Work required |
Exact transcription, pictures omitted: reproduce the listing below.

The data |
__________________________________________________
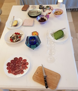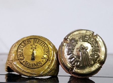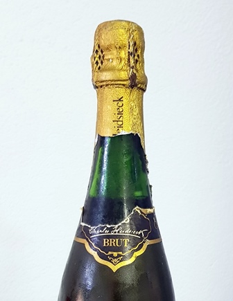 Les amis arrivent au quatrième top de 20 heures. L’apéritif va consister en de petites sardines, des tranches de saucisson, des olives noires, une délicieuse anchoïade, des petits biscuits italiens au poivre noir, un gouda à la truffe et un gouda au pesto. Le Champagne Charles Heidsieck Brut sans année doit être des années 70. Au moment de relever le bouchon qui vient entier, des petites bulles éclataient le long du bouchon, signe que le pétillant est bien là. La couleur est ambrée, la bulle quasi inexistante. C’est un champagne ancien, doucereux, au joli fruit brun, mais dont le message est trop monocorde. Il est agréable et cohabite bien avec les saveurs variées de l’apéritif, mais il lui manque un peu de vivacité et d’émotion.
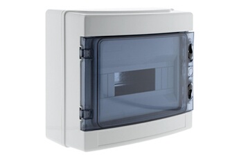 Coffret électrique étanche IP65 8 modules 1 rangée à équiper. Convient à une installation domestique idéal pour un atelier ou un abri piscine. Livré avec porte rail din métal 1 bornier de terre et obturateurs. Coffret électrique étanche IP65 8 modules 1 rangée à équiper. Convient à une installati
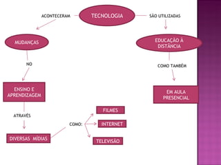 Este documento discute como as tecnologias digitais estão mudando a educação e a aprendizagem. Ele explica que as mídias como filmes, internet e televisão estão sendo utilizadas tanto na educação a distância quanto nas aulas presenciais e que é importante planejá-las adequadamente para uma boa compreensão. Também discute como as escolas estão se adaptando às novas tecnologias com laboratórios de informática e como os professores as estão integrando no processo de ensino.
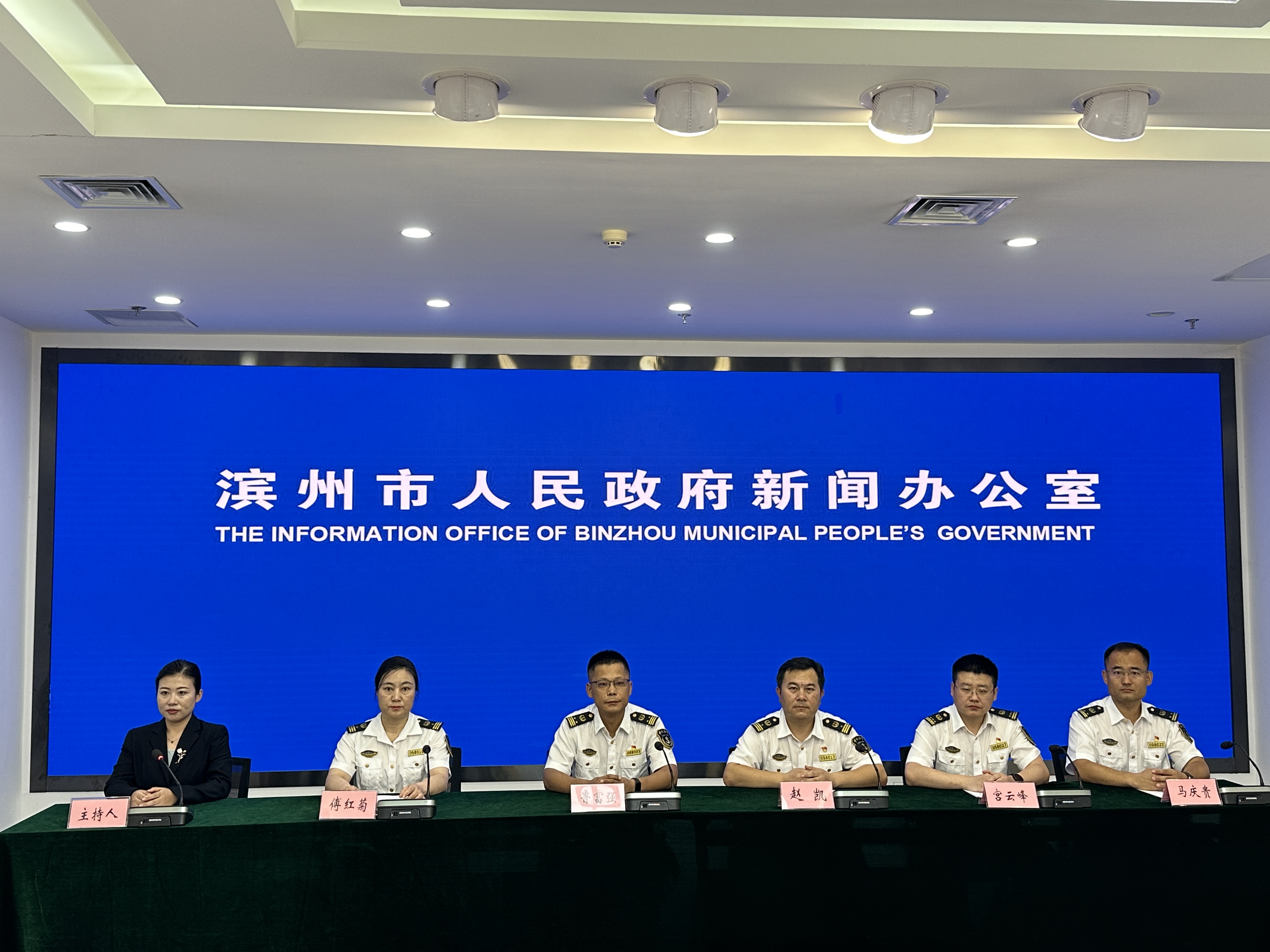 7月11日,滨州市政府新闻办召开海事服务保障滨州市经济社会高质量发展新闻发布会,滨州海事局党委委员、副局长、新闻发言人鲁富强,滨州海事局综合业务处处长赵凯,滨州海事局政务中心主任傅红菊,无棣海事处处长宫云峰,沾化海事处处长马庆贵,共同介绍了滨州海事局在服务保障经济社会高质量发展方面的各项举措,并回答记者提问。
__________________________________________________
Your response |
 Les amis arrivent au quatrième top de 20 heures. L’apéritif va consister en de petites sardines, des tranches de saucisson, des olives noires, une délicieuse anchoïade, des petits biscuits italiens au poivre noir, un gouda à la truffe et un gouda au pesto. Le Champagne Charles Heidsieck Brut sans année doit être des années 70. Au moment de relever le bouchon qui vient entier, des petites bulles éclataient le long du bouchon, signe que le pétillant est bien là. La couleur est ambrée, la bulle quasi inexistante. C’est un champagne ancien, doucereux, au joli fruit brun, mais dont le message est trop monocorde. Il est agréable et cohabite bien avec les saveurs variées de l’apéritif, mais il lui manque un peu de vivacité et d’émotion.
 Coffret électrique étanche IP65 8 modules 1 rangée à équiper. Convient à une installation domestique idéal pour un atelier ou un abri piscine. Livré avec porte rail din métal 1 bornier de terre et obturateurs. Coffret électrique étanche IP65 8 modules 1 rangée à équiper. Convient à une installati
 Este documento discute como as tecnologias digitais estão mudando a educação e a aprendizagem. Ele explica que as mídias como filmes, internet e televisão estão sendo utilizadas tanto na educação a distância quanto nas aulas presenciais e que é importante planejá-las adequadamente para uma boa compreensão. Também discute como as escolas estão se adaptando às novas tecnologias com laboratórios de informática e como os professores as estão integrando no processo de ensino.
 7月11日,滨州市政府新闻办召开海事服务保障滨州市经济社会高质量发展新闻发布会,滨州海事局党委委员、副局长、新闻发言人鲁富强,滨州海事局综合业务处处长赵凯,滨州海事局政务中心主任傅红菊,无棣海事处处长宫云峰,沾化海事处处长马庆贵,共同介绍了滨州海事局在服务保障经济社会高质量发展方面的各项举措,并回答记者提问。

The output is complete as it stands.